Некоторое время я сидела там и пыталась понять, что знала. Я почти не видела мир; когда мне было пятнадцать, мы с родителями ездили в Рим и Флоренцию, но эта поездка прошла в стенах хороших отелей и за тонированными стеклами туристических автобусов; я видела каменные фонтаны на площадях с такого расстояния, что те казались ненастоящими. Уровень моего опыта и знаний остался прежним, не повысился, не стал выше среднестатистического. Я находилась на том же уровне, что типичные американцы; все мы стояли, сбившись в кучку, запрокинув головы и разинув рты, и таращились на фрески на потолке. Я подумала, что ни один мужчина еще не видел меня обнаженной, я никогда не была влюблена и даже не ходила на политическое собрание в чьем-нибудь подвале. Я ни разу еще не делала ничего, что могло бы считаться самостоятельным, смелым или дальновидным поступком. В колледже Смит меня окружали одни девушки, и это было то же самое, что находиться в Риме в толпе американских туристов. Эти девушки были привычной средой, такой же привычной, как пастуший пирог.

Я сидела на втором этаже библиотеки; мне было холодно, но это меня не волновало, и наконец я заставила себя взять ручку и написать хоть что-то. Не подвергая себя цензуре, не оценивая свою писанину как слишком банальную, ограниченную и просто плохую, я написала о непроницаемой стене женскости, определявшей всю мою жизнь. Я писала о том, что знала. О трех самых модных духах – «Шанель номер пять», «Белые плечи» и «Джой», от этих запахов нигде было не скрыться. О шестистах девичьих голосах, возносящихся ввысь на конвокации и распевающих «Gaudeamus Igitur».

Дописав, я еще долго сидела в своей кабинке и думала о профессоре Д. Каслмане и о том, как он смотрел на нас, хотя глаза его были закрыты. Я вспомнила его розоватые, почти прозрачные веки; казалось, такие веки неспособны укрыть его от внешнего мира. Может, все писатели так умели: видеть даже с закрытыми глазами.

* * *

На следующей неделе я зашла к нему в рабочие часы и сидела на скамейке в коридоре в почти лихорадочном ожидании. В его кабинете кто-то был; я слышала, как они переговаривались, мужской голос и женский; женщина периодически взвизгивала от смеха, и меня это страшно раздражало. У них что там, вечеринка с коктейлями и канапе на подмокшем хлебе? Наконец дверь открылась, и вышла Эбигейл Бреннер, студентка с нашего курса; она прижимала к груди свой рассказ, в котором описывала, как ее бабушка недавно умерла от двусторонней пневмонии. Рассказ был скучным, и с первого занятия она тщетно пыталась его улучшить. Каслман сидел за столом в кабинете; пиджак он снял и остался в одной рубашке и галстуке.

– Здравствуйте, здравствуйте, мисс Эймс, – сказал он, наконец заметив меня.

– Здравствуйте, профессор Каслман, – сказала я и села напротив на деревянный стул.

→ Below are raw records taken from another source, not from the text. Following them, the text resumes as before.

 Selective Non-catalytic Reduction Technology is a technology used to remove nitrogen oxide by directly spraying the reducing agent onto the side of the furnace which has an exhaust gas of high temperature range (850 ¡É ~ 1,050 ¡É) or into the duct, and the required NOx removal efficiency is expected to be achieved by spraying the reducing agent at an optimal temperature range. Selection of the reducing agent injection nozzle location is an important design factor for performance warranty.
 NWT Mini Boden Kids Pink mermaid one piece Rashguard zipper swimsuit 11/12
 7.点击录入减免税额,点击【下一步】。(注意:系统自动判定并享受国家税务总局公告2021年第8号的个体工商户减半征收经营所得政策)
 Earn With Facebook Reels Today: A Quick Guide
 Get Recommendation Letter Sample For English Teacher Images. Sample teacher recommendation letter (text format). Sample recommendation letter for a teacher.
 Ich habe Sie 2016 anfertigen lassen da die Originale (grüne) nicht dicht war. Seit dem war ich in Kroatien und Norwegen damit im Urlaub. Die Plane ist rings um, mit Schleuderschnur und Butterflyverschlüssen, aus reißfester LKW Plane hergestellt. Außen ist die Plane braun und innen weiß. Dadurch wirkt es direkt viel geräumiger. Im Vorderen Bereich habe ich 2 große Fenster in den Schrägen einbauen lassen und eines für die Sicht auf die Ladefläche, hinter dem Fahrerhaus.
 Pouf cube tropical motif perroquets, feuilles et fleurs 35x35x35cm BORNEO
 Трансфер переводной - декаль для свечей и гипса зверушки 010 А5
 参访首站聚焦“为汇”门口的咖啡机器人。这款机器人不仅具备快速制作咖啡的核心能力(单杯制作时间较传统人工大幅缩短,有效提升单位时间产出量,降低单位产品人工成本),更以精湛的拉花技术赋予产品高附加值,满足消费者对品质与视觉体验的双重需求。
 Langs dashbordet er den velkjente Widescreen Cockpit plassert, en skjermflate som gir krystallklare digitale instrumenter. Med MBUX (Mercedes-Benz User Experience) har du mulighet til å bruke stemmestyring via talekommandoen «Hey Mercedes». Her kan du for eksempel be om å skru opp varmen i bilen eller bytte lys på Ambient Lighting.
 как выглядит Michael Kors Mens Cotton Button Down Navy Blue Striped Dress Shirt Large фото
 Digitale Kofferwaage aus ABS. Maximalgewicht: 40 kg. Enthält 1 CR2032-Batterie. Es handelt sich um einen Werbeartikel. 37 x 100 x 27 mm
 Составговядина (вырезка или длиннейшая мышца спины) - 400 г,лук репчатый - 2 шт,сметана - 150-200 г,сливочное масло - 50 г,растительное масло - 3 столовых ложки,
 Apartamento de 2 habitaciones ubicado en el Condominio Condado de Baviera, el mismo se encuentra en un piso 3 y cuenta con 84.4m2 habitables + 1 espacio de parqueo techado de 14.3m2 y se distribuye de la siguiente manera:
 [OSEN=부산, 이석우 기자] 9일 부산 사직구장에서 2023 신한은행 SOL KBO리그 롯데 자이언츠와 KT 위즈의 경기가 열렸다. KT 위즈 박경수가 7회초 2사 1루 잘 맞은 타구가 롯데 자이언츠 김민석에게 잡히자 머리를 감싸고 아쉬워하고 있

В руках у него был мой новый рассказ, тот, что я оставила в его ящике для корреспонденции на кафедре.

– Что касается вашего рассказа, – он любовно взглянул на страницы в своих руках. На них почти не было пометок, никаких иероглифов красной ручкой. – Я прочел его два раза, – сказал он, – и оба раза пришел к выводу, что рассказ великолепен.

Может, он всем так говорил? Интересно, сказал ли он то же самое Эбигейл Бреннер по поводу ее тупого рассказа про бабушку? Вряд ли. Я не сомневалась: только мой рассказ ему понравился. Я написала его специально для него, желая ему угодить, и, видимо, мне это удалось.

– Спасибо, – тихо пробормотала я, не глядя ему в глаза.

– Вы сейчас совсем не понимаете, о чем я, верно? – спросил он. – Вы понятия не имеете, как вы талантливы. Это мне в вас и нравится, мисс Эймс; очень трогательная черта. Прошу, никогда не меняйтесь.

Я смущенно кивнула и поняла, что именно такой он и хотел меня видеть: отличающейся от всех, но невинной, и я была совсем не против такой казаться. Может, он даже попал в точку, подумала я.

– Мисс Эймс, мисс Эймс, – с улыбкой проговорил он, – и что мне с вами делать?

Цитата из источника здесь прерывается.